GSoC 2026 Interest: Linear Algebra Rewrites

Hi everyone,

I’m Alessandro, a Master’s student in Artificial Intelligence at the University of Bologna, holding a Bachelor’s in Mathematics. I am writing to express my strong interest in the “Linear Algebra Rewrites” project for GSoC 2026.

I’ve spent the last couple of weeks diving deep into the project’s context. Specifically, I have been:

  • Studying the COLA (Compositional Linear Algebra) paper and exploring the repository to understand the framework for structured linear operators.

  • Reviewing previous work and discussions within PyTensor toward this direction.

  • Going through the documentation, existing notebooks, and technical videos to understand how graph rewritings are currently handled in the codebase.

To get familiar with the library’s internals, I have already opened a few PRs related to graph rewritings:

My short term goal is to continue contributing and opening PRs “here and there” to master the codebase and ensure I’m ready for the technical challenges of the project.

I have a couple of questions as I begin drafting my proposal:

  1. Are there specific areas of the PyTensor graph engine you recommend I focus on to better tackle the issue?

  2. Do you have any suggestions on how to get deeper into the subject to ensure my proposal aligns with the long-term vision of the library?

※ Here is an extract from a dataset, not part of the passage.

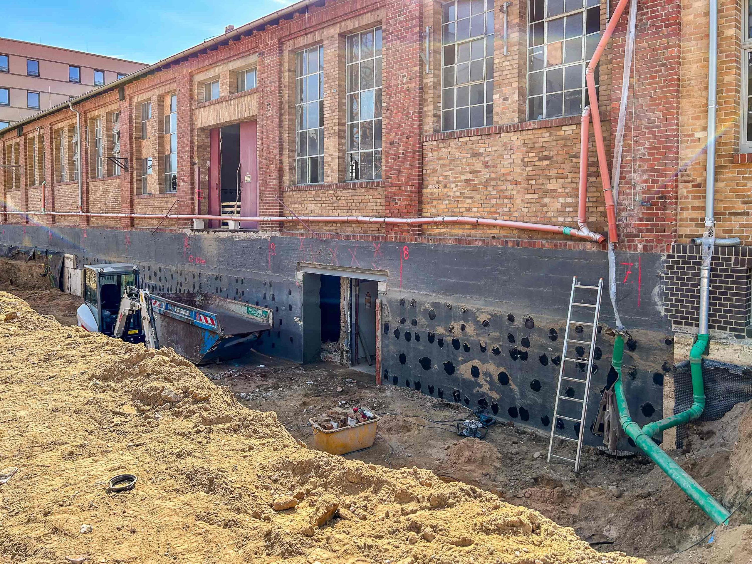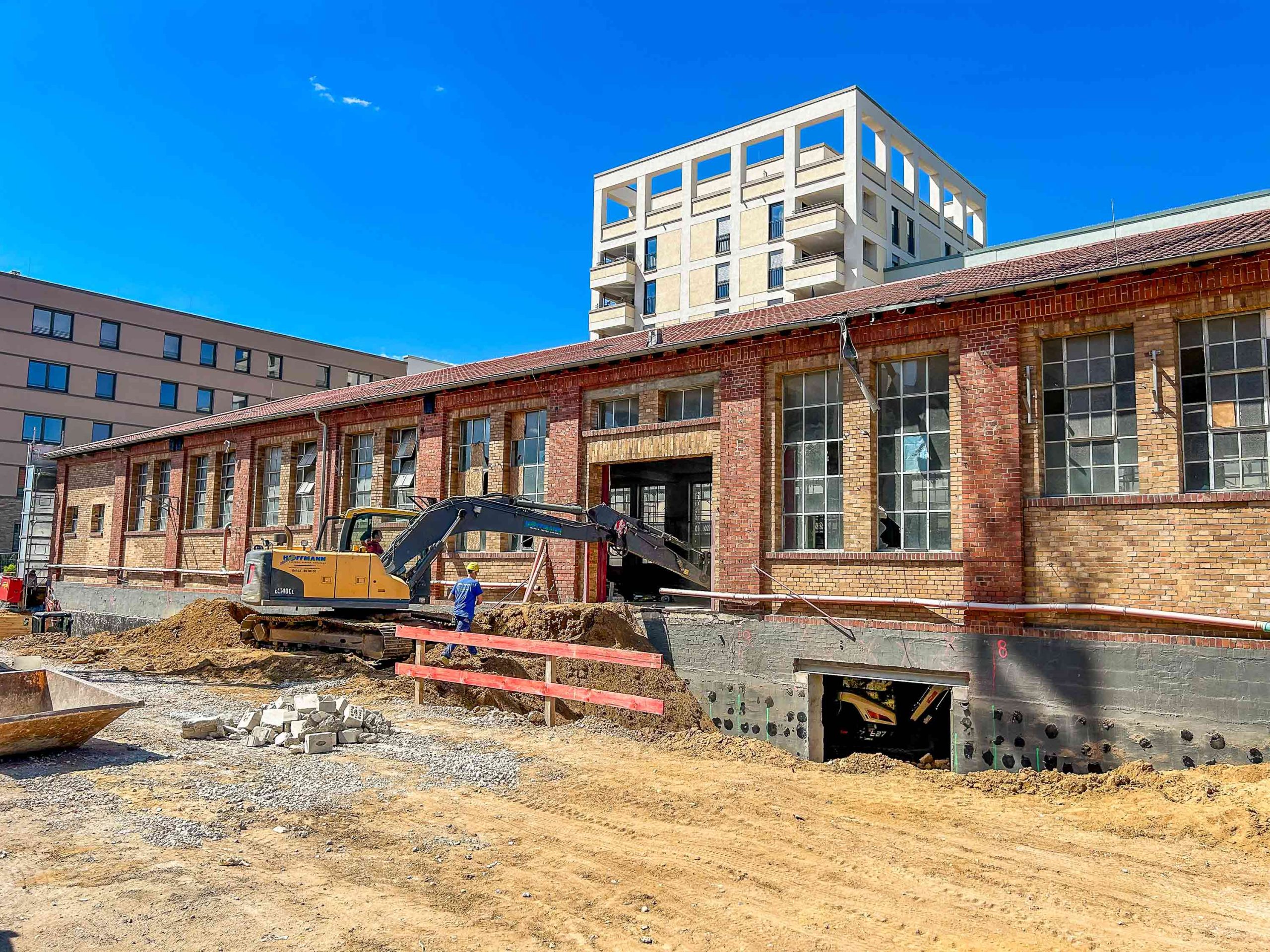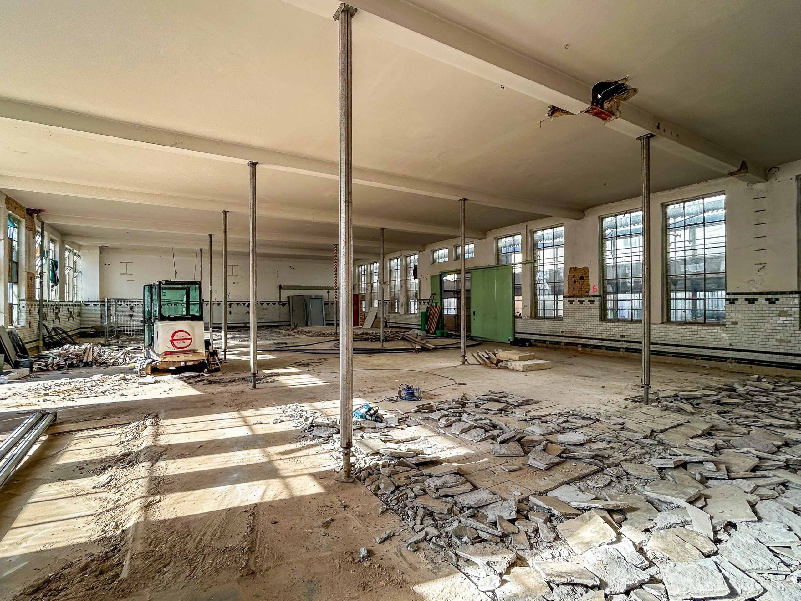 Mit Errichtung des Krans konnte es losgehen und so wurden entlang der Ostfassade der bestehenden Markthalle Unterfangungen für den späteren Technikanbau angelegt. Nach Fertigstellung der Unterfangungen beginnt der Aushub der Baugrube für den Technikbau. Im Inneren schreitet die Entkernung nicht statischer Bauteile weiter voran.
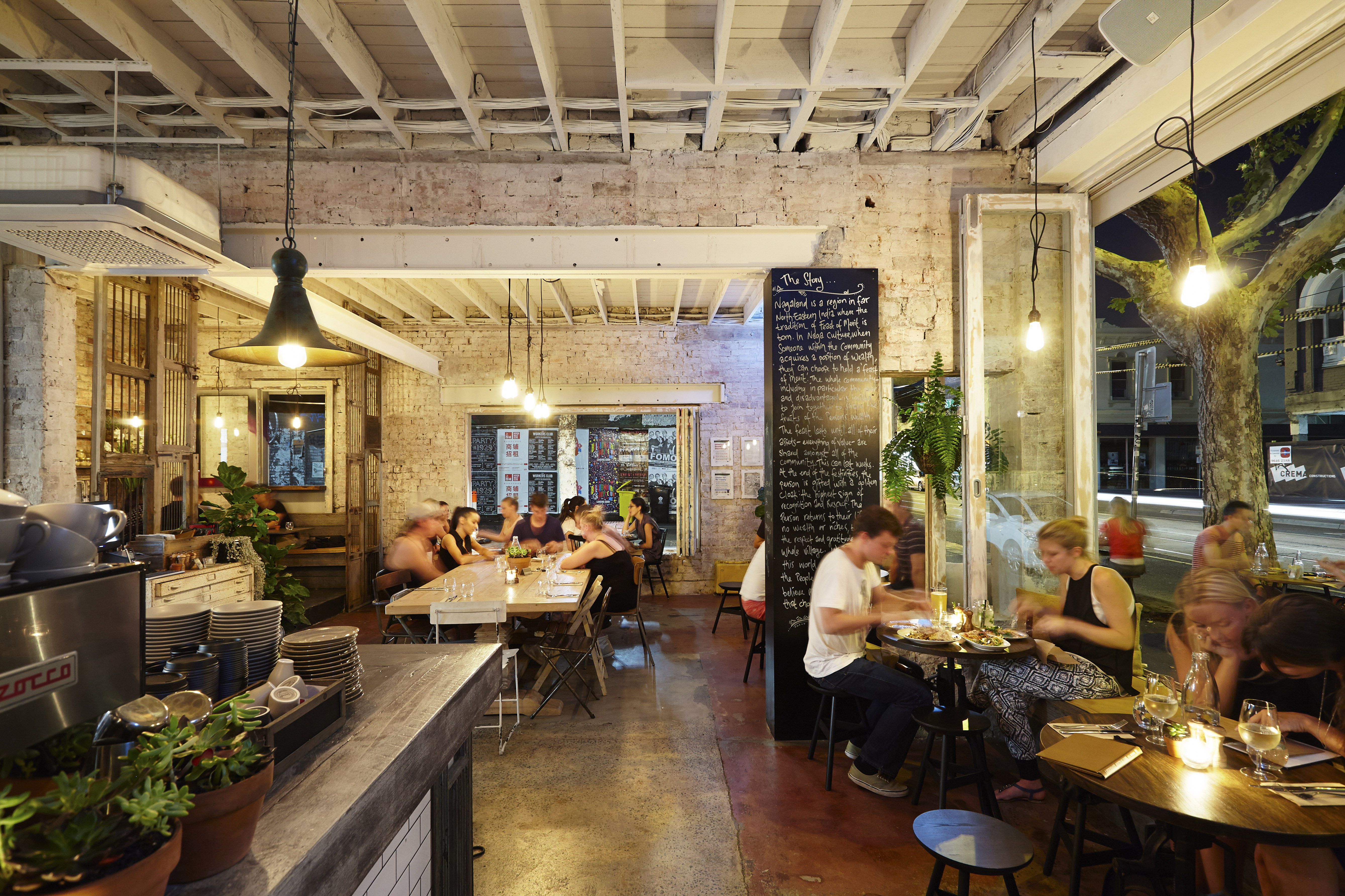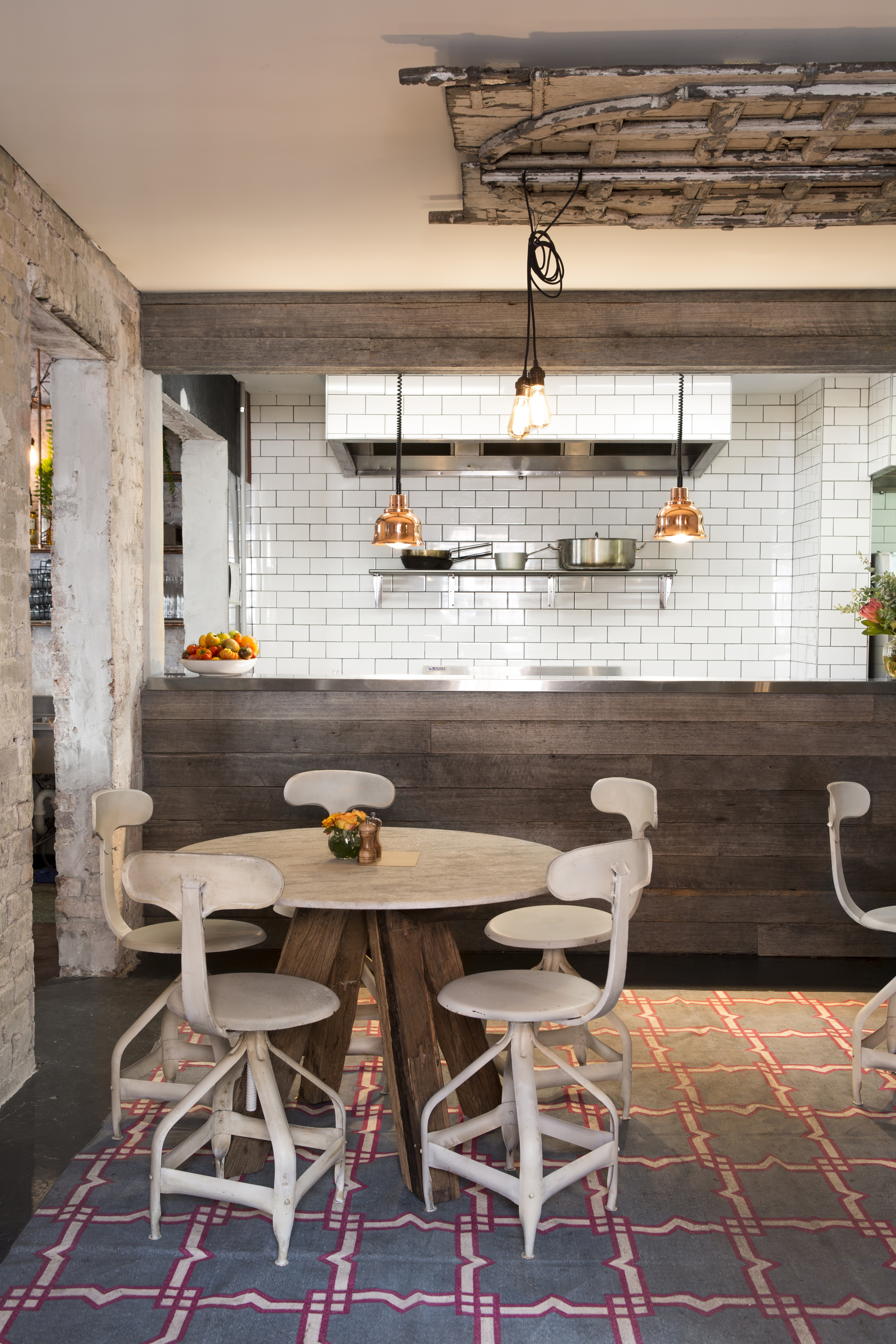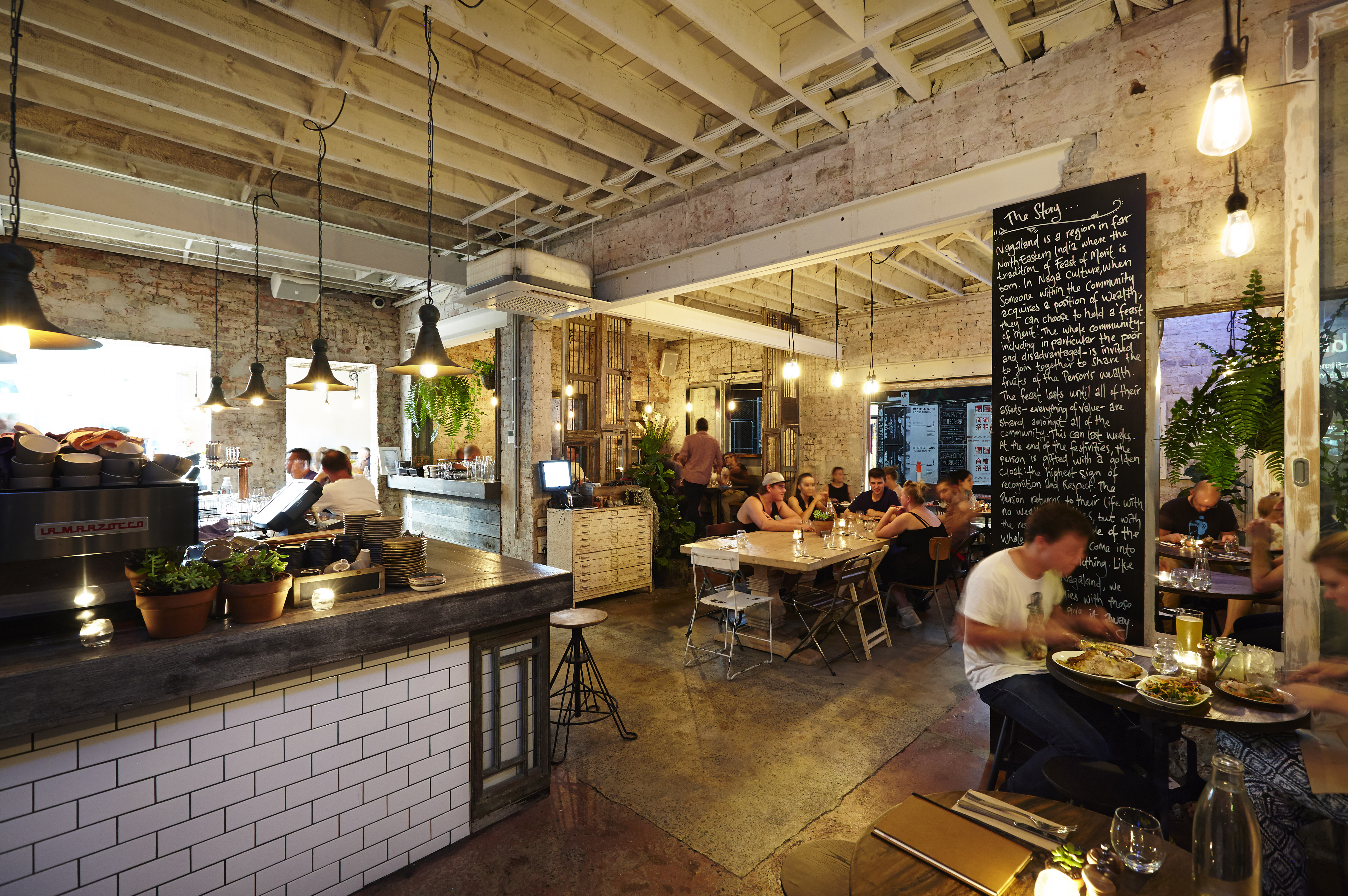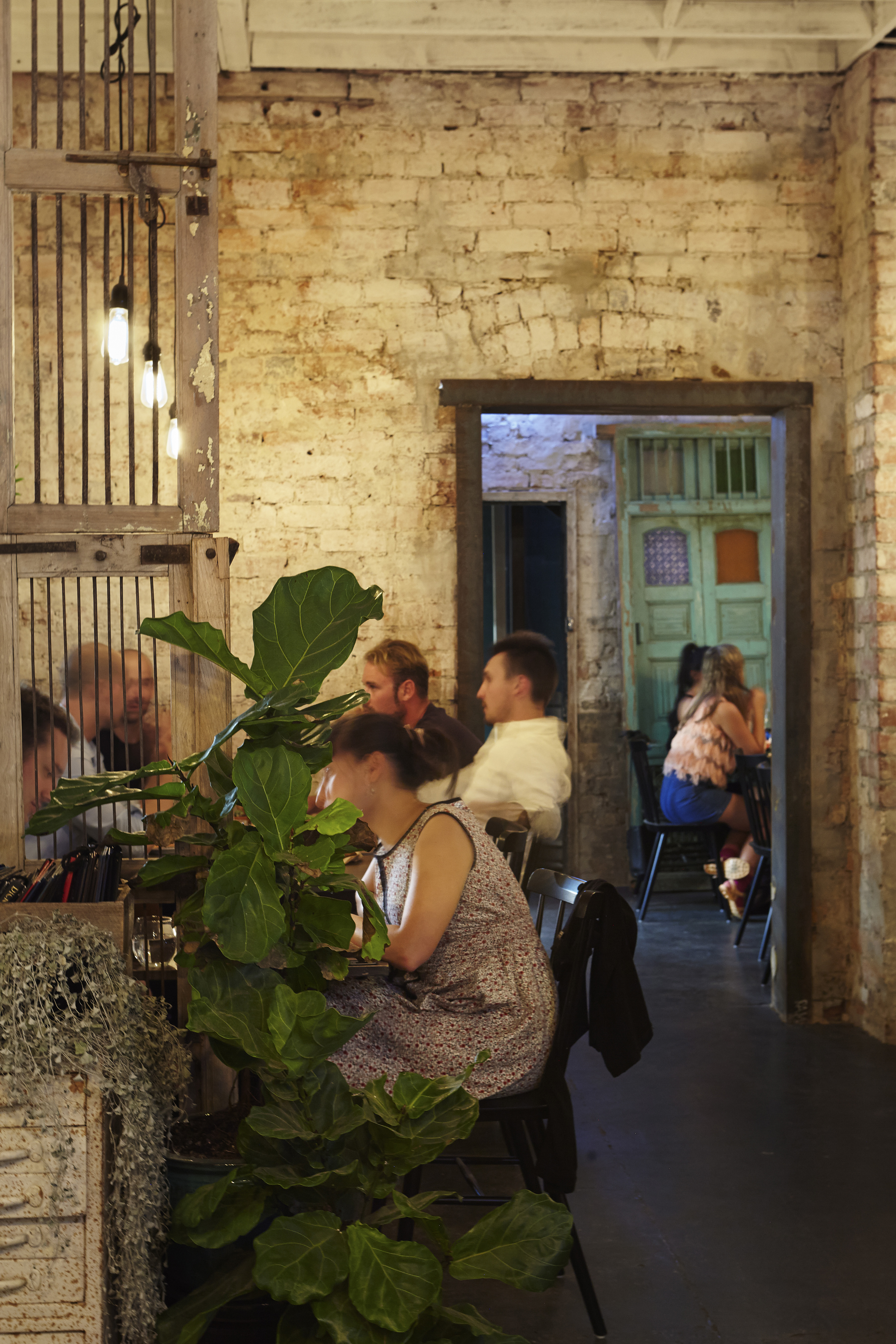 The existing structure was pared back to its original materials; polished concrete floors, exposed red brick walls whitewashed, and exposed timber ceilings. Adding to this, fittings and furniture were all either donated or recycled; timber bar top, reclaimed timber shutters to the bar and screens throughout, and recycled copper piping forming the bar shelving were all sourced locally.

Looking forward to your feedback!

Best,

Alessandro

Hi @jessegrabowski,

I have started writing down a first draft for the proposal here. I would appreciate your feedback.

Thanks,

Alessandro

Hey Alessandro

Nice to see your proposal is underway. I don’t think you need notebooks galore for this projects, since it’s more an “in the weeds” topic. If you wanted something more presentable, it would be good to think about some linear algebra heavy algorithms (kalman filter, newton’s method, kronecker-structred GP, LoRA, natural gradients, …?) that could directly benefit from these rewrites. Then in addition to tracking the project in a piecewise fashion (via tests and scratch scripts/notebooks that compare before/after graphs), you can also see the rewrites in a “real use case”.

Not necessary, but something to think about if you’re more interested in one of these applied topics than just the nitty-gritty itself. And even if you’re interested in the nitty-gritty as such, it would be good to have a motivating example to organize your work around to show it off in future.